Visualize and prototype ideas using AI tools AI tools can help turn rough ideas into visible, testable forms—from generated images to drafted plans—making the gap between idea and artifact smaller and iteration faster. A student uses an AI image tool to generate three visual concepts for a school mural proposal before deciding with the art teacher which direction to develop into a real design.
Collaborate with AI through iteration and reflection Productive use of generative AI is iterative. You prompt, evaluate, revise, and repeat. The quality of the output depends heavily on the quality of the thinking the person brings to the process. A teacher uses multiple exchanges with Copilot to refine a differentiated lesson plan, and keeps a short reflection log noting what she changed at each step and why—turning the process itself into professional learning.

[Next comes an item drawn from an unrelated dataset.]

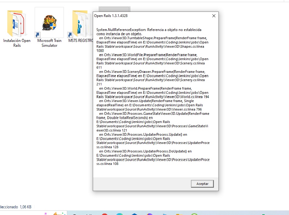 Se ruega, cuando tengáis algún cuelgue del simulador con la ruta, en el mensaje adjuntar el archivo OpenRailsLog.txt que crea Open Rails en el escritorio para poder analizar el error. De lo contrario sera difícil adivinar que sucede.
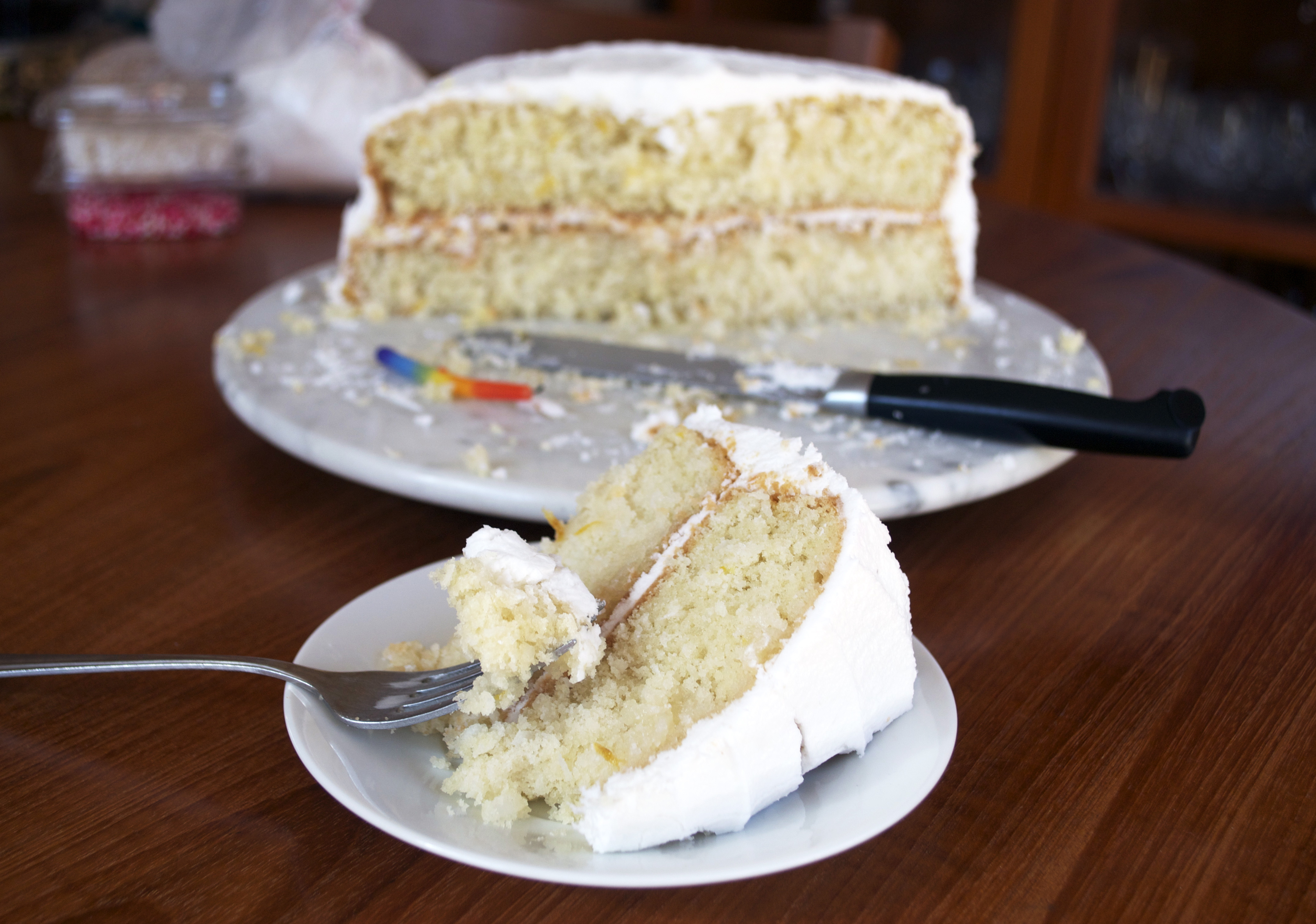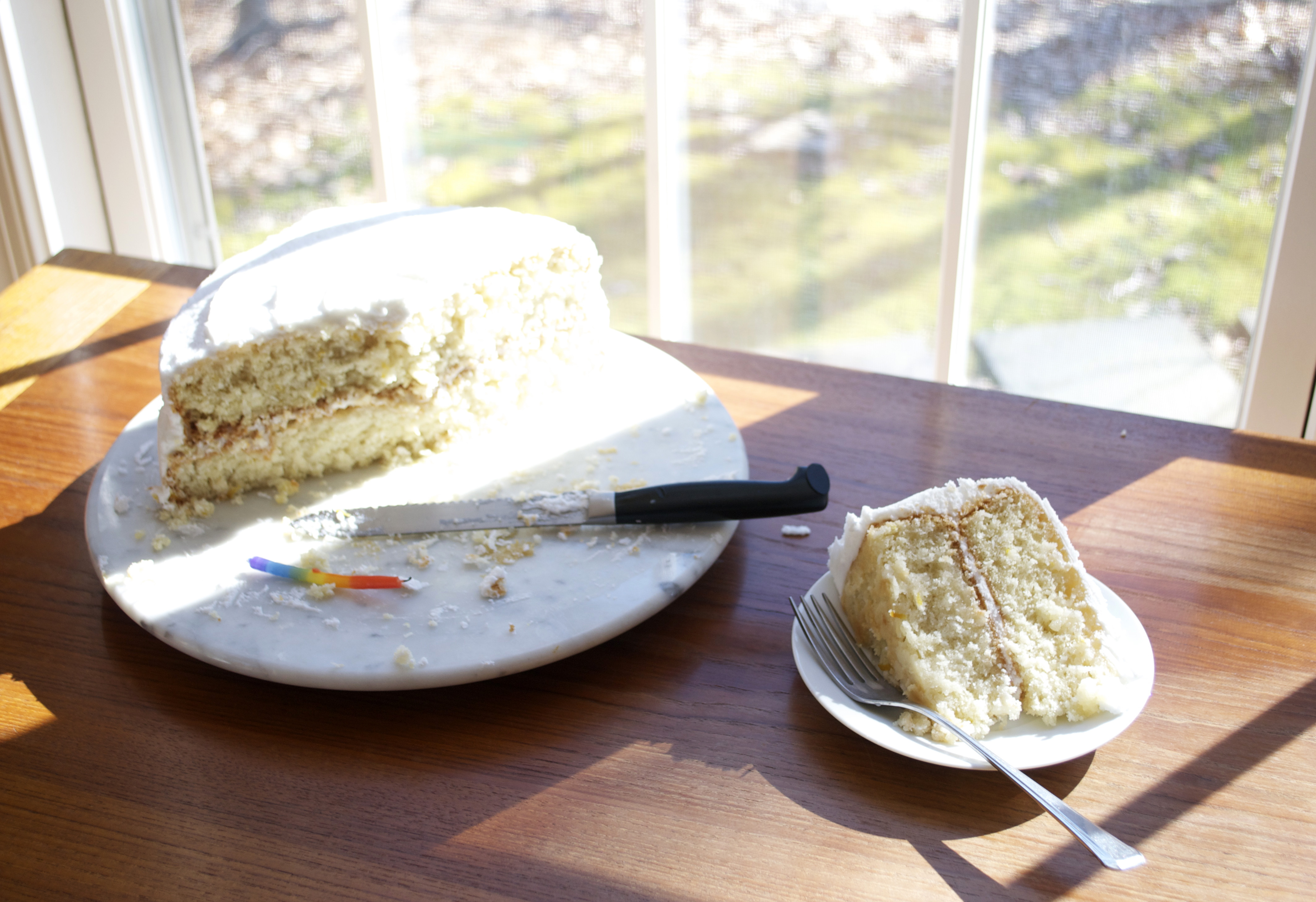 Anyway, the major point here is that the cake was delicious and every person who ate it Saturday night agreed. These cake-eaters were all non-vegans by the way (besides Stephen). It was moist, it was coconuty & lemony, the frosting was fluffy. It was pretty damn good if I do say so myself. Dad & Stephen both had seconds. As only my second attempt at a vegan cake thus far, I couldn’t have hope for better and it’ll definitely be hard to top.

Analyze how AI affects content authenticity and intellectual property AI can generate content that looks original but is derived from others' work. Understanding this helps educators teach students about attribution, authenticity, and the real value of original thinking. A writing teacher designs a unit around the question "What makes this your work?" after students submit AI-generated essays without attribution, using the situation as a teaching moment rather than just a disciplinary one.
Talk about AI without treating it like a person When we say AI "thinks," "decides," or "knows," we give it human characteristics it doesn't have. Precise language—AI "generated," "predicted," "suggested"—keeps accountability where it belongs: with people. A coach runs a short activity at a staff meeting where teachers rewrite three common AI phrases—"the AI decided," "the AI understood," "the AI knows"—into accurate, tool-focused language.